Of course, there is still much more to learn and explore in the field of deep learning and TensorFlow. If you want to continue your learning journey, here are some resources that you can check out:
- TensorFlow Tutorials: A collection of tutorials that cover various topics and applications of TensorFlow, such as computer vision, natural language processing, generative models, and more.
- TensorFlow Guide: A comprehensive guide that explains the concepts and features of TensorFlow in depth, such as tensors, variables, graphs, functions, Keras, customizing models, and more.

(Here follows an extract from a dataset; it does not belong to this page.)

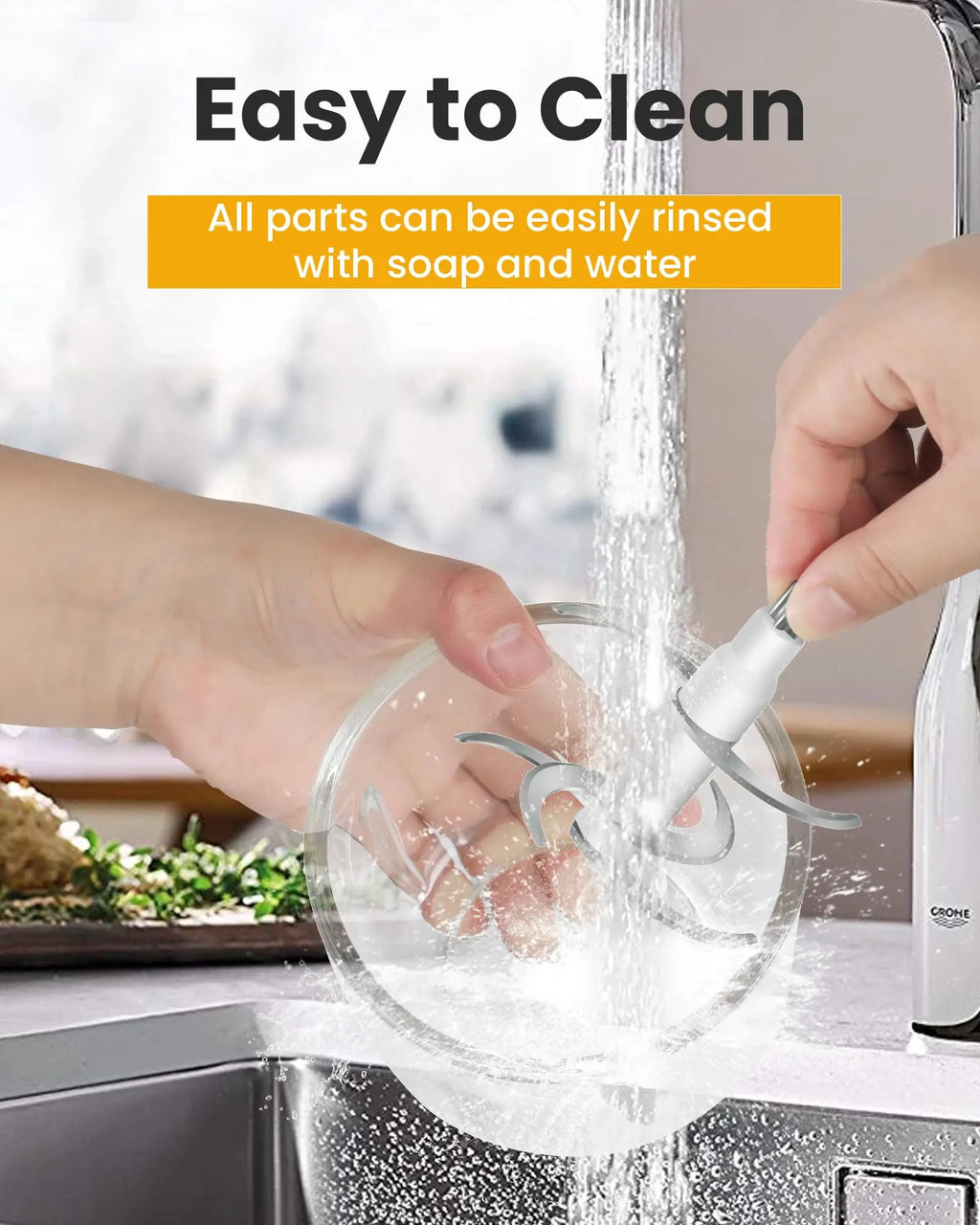 Equipped with a 350W motor and a sharp 6-blade blade,Wancle food chopper can quickly and evenly chop meat, vegetables and other ingredients.

- TensorFlow API Reference: A detailed reference that documents the classes, methods, functions, and modules of TensorFlow, with examples and explanations.
- Deep Learning Specialization: A series of online courses that teach the foundations and applications of deep learning, such as neural networks, convolutional neural networks, recurrent neural networks, natural language processing, and more.
- Deep Learning Book: A textbook that covers the theory and practice of deep learning, such as linear algebra, probability, optimization, machine learning, deep feedforward networks, regularization, optimization algorithms, convolutional networks, sequence modeling, and more.
We hope that you have enjoyed this blog series and learned a lot from it. Thank you for reading and happy learning!